Malware detected by COMODO in VT but not with CIS5

I have 3 samples, when I scan those samples with CIS5 (database 6191) it can’t detect the samples even with Cloud scanning enabled in Manual scanning.

But when I scanned the samples in VirusTotal, it says that COMODO can detect it( database 6191).

Can someone explain this to me how it could be possible?

I can send the samples to a moderator for analyzing.

[attachment deleted by admin]

please send them to me.

Hi Nickoo,

Thanks for malware submission. We are going to check this out and if found malware,detection will be added.

Thanks and Regards,

I already noticed that issue… no answer from comodo…

Do VT have a better comodo av scanner ;D 88)

Hello Languy99, I did that. Please check your PM. :slight_smile:

Be careful they have digital signatures ;D

I just checked them out, all three were detected the second I tried to remove them from the zip folder.

Thanks languy99,

But it’s not detected here with the latest update ( 6194) ???

is something wrong?

[attachment deleted by admin]

Go to Anti Virus

Then Scanner settings

Then in the dialog box, make sure it looks like picture one.

Then, go to manual scanning and enable cloud scanner! :smiley:

That should do it.

[attachment deleted by admin]

show me your virus scanner settings please.

Hello, I did this in first post, look at the firs screen shot in first port please! :slight_smile:

Here you are… :slight_smile:

if you want I can capture a video and upload this to show you that they can’t be detected by CIS 2011 (database 6196).

I don’t know what is wrong but every thing in CIS working even it can detect and remove other samples! but not those three !

[attachment deleted by admin]

can you give me the MD5 of your bases.cav file? mine right now is 154BC9E376EF9818CCF2EF1603018361 and it is 6194 if yours is different you might have a corrupted one. I will tell you how to fix it.

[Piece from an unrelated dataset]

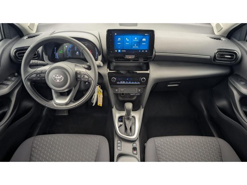 2 ports USB-C6 HPABSAirbags frontaux et latéraux AVAntenne de toit type requinBoîte automatique à variation continueCaméra de reculCarrosserie monotonCiel de toit grisClimatisation automatiqueConnectivité smartphone Apple CarPlay et Android Auto sans filContrôle de la pression des pneus des rouesContrôle de traction (TCS)Direction assistéeDouble plancher du coffreEcran TFT 7"Enjoliveurs 16"Essuie-glace à détecteur de pluieFeux AR halogènesFeux AV halogènesFrein de parking électroniqueLampe de plafonnier ARPeinture non métalliséePrise 12 V AVRétroviseur intérieur électrochromatiqueRétroviseurs extérieurs chauffantsSellerie tissu gris foncéSièges AR rabattables 40:60Sièges conducteur et passager réglable en hauteurSystème audio Toyota Touch 3 écran tactile 7", radio digitale (DAB), BluetoothSystème d'appel d'urgence automatique "E-Call"Toyota T-MATE / Toyota Safety Sense 3 Système de sécurité précollision avec détection des véhicules, piétons et cyclistes, actif également dans les intersections. Alerte de franchissement de ligne avec aide au maintien dans la file, assistant dVerrouillage centraliséVitres AV/AR électriquesVolant en cuir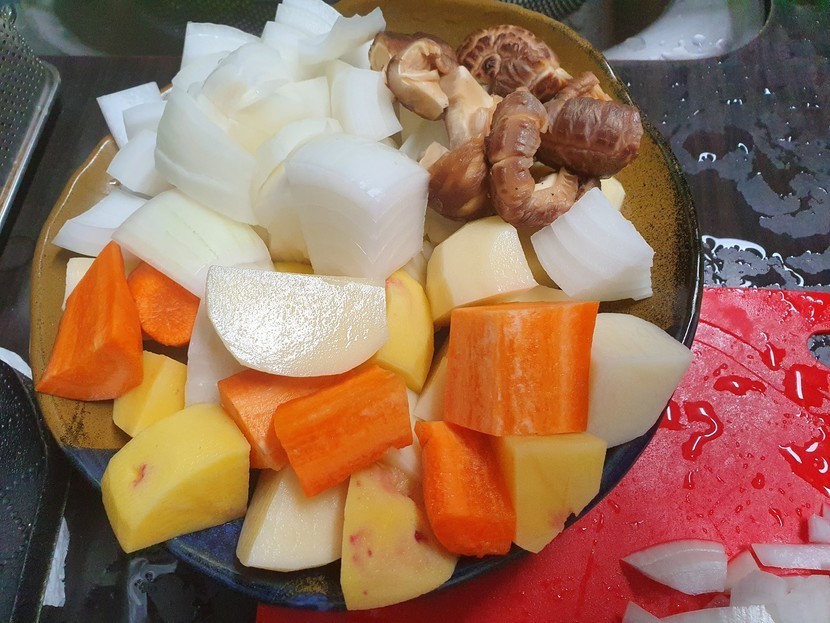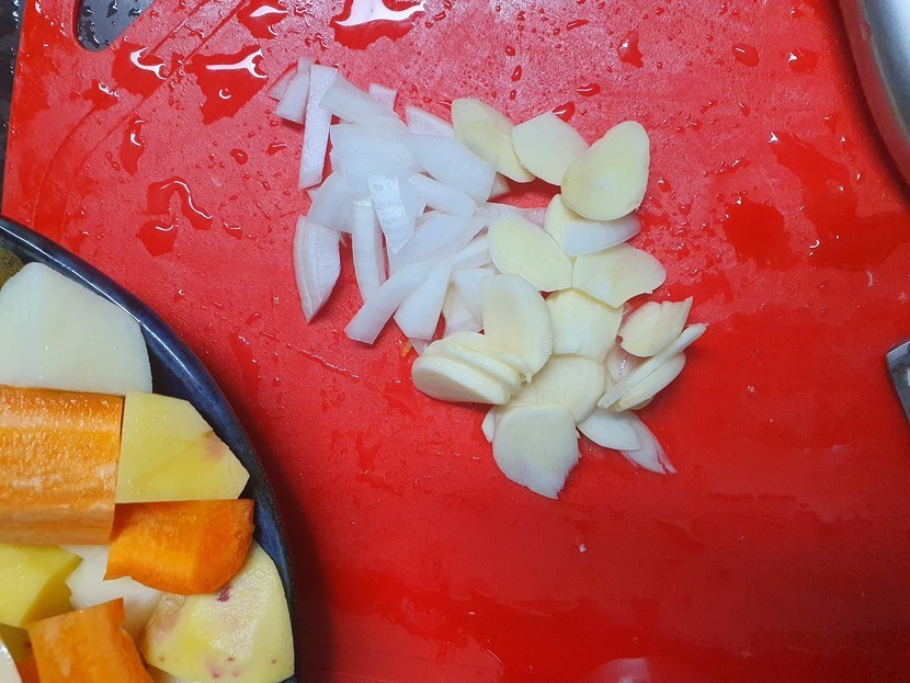 나머지 양파는 크게 깍둑썰어두시고 감자, 당근, 버섯, 다 같은 크기로 깍둑 썰어주세요.

Hi languy99, I live in Sweden and maybe COMODO use different server to update database. min is 6196 ;D

here you are…

[attachment deleted by admin]

Well I don’t have the samples but I have the same db and hash.

So something else is amiss.


trusted files or exclusions , verify.

Detects them all, Real Time during extraction, On Access of containing folder and if Manuallly scanned.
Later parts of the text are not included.